**YOUR TASK:**
The line with "Umcebo’s Robin Opperman." through the last line of the entries: give these again exactly, and only these, without any pictures.
MATERIAL FOR THIS EXERCISE Start Marker
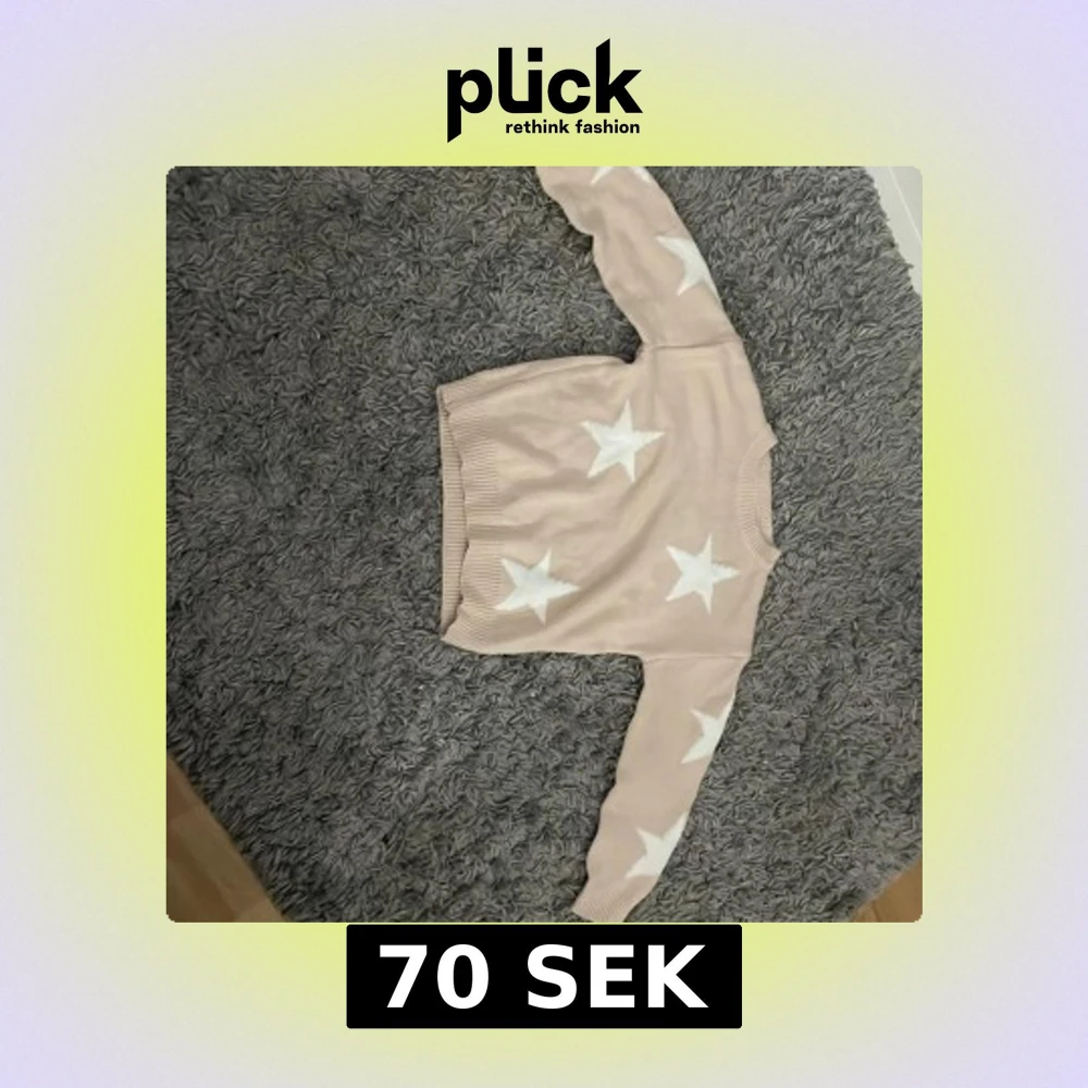 Säljer en mysig beige stickad tröja med vita stjärnor. Tröjan har långa ärmar och ribbade muddar vid ärmslut och nederkant. Perfekt för kyliga dagar!
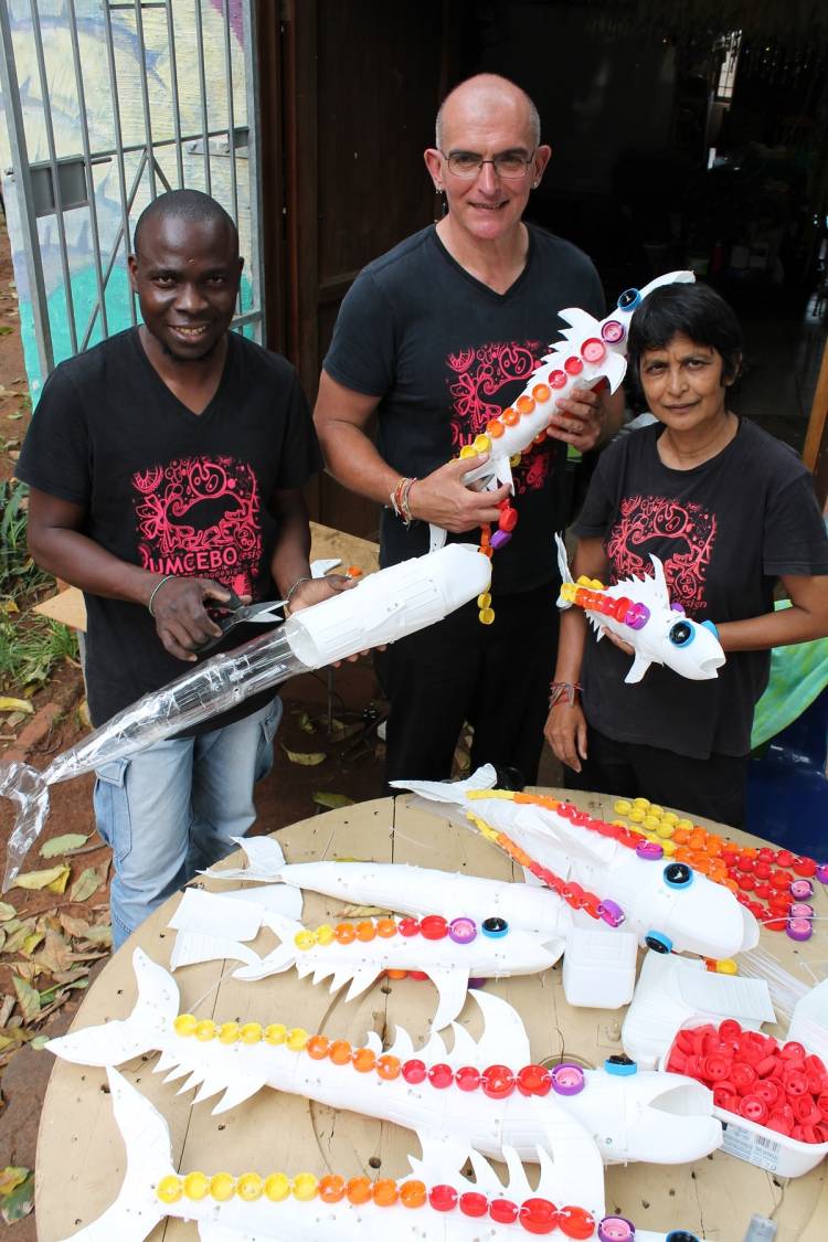 “We are playing to the paradox that the fish are made completely from recycled and found materials, using the very objects which play a role in destroying our marine biodiversity to send out a message of the importance of recycling and reusing,” said Umcebo’s Robin Opperman.
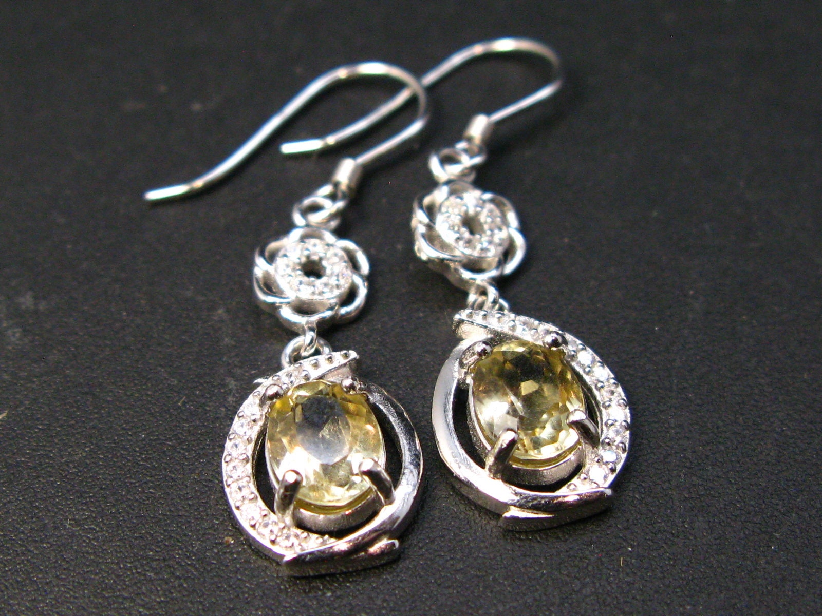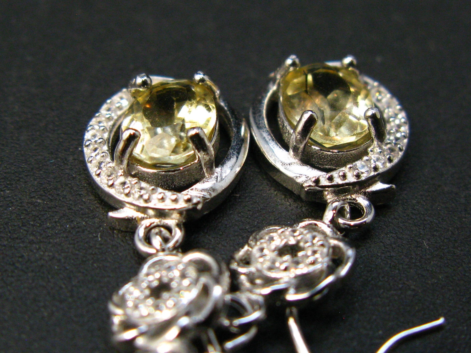 This is very rare gemmy faceted Golden Herderite dangling Sterling Silver Earrings with CZ accent from Brazil.
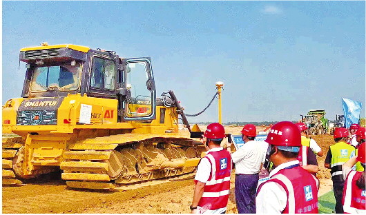 右图为山推AI智能推土机参与济南太平水库项目建设。 记者 孔茜 通讯员 祝存波 摄影报道
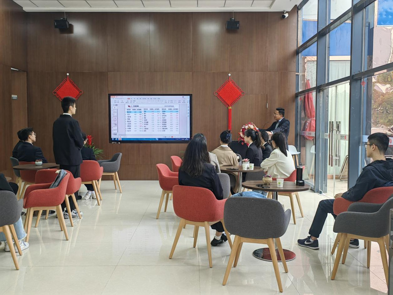 活动过程中,营业部总监曹庆宗为同学们详细地介绍了公司及营业部的发展历程、公司业务等,并讲解了证券行业相关知识,解读了相关政策,使得同学们对证券行业有了更深入的了解。双方就学科发展、人才培养、员工实习就业等方面进行了深入交谈,在员工培养、实习就业等方面校企合作达成了共识,并针对后续合作细节展开了深入探讨。
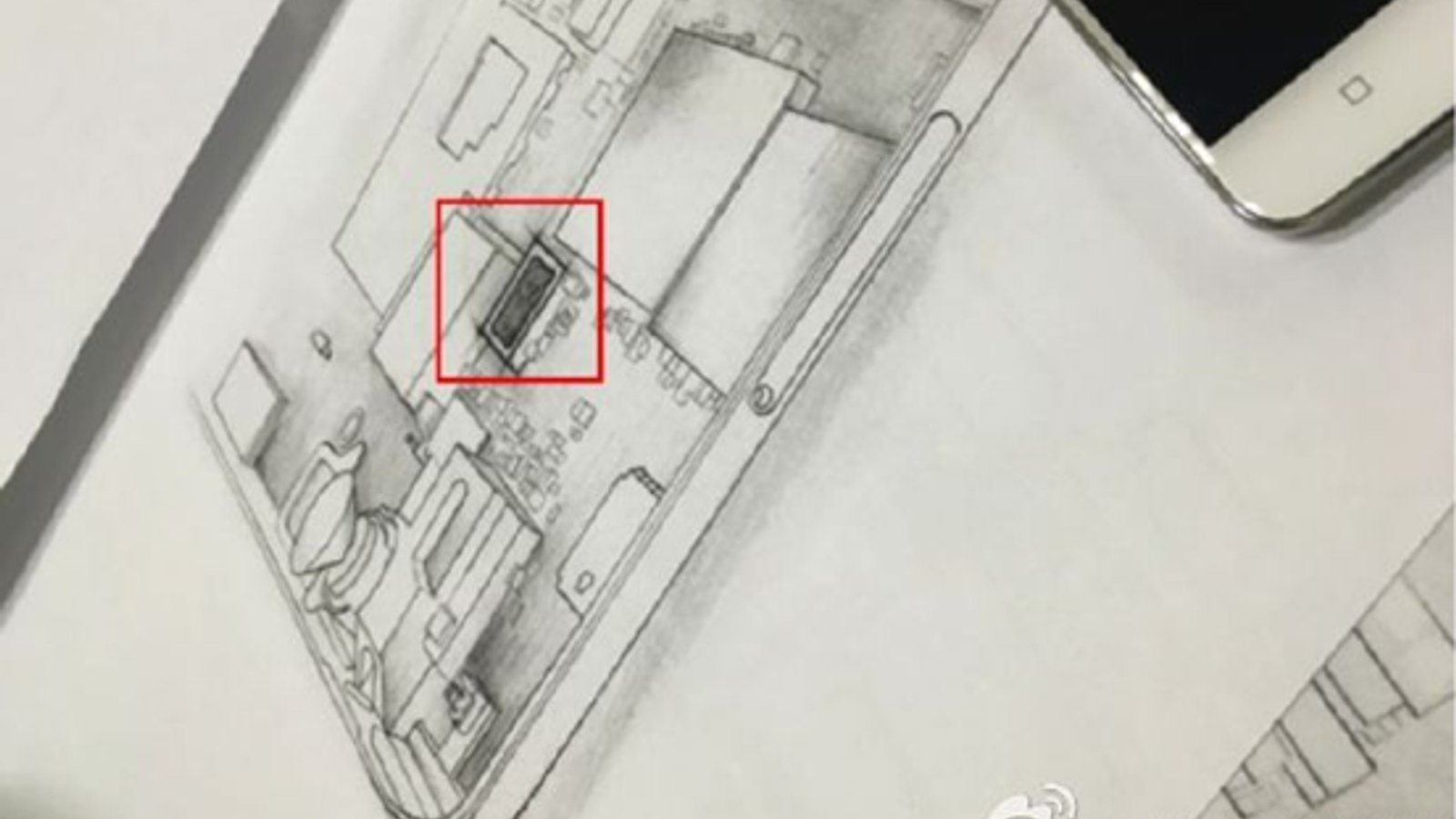 Обведённая красным микросхема у источника вызвала вопросы, так как якобы не является никаким из привычных нам компонентов. В принципе, рисунок не заслуживал бы ни капли внимания, если бы источник не ссылался на некие слухи касательно нового смартфона.
MATERIAL FOR THIS EXERCISE End Marker
**RESPONSE TO THE TASK:**
 “We are playing to the paradox that the fish are made completely from recycled and found materials, using the very objects which play a role in destroying our marine biodiversity to send out a message of the importance of recycling and reusing,” said Umcebo’s Robin Opperman.
 This is very rare gemmy faceted Golden Herderite dangling Sterling Silver Earrings with CZ accent from Brazil.
 右图为山推AI智能推土机参与济南太平水库项目建设。 记者 孔茜 通讯员 祝存波 摄影报道
 活动过程中,营业部总监曹庆宗为同学们详细地介绍了公司及营业部的发展历程、公司业务等,并讲解了证券行业相关知识,解读了相关政策,使得同学们对证券行业有了更深入的了解。双方就学科发展、人才培养、员工实习就业等方面进行了深入交谈,在员工培养、实习就业等方面校企合作达成了共识,并针对后续合作细节展开了深入探讨。
 Обведённая красным микросхема у источника вызвала вопросы, так как якобы не является никаким из привычных нам компонентов. В принципе, рисунок не заслуживал бы ни капли внимания, если бы источник не ссылался на некие слухи касательно нового смартфона.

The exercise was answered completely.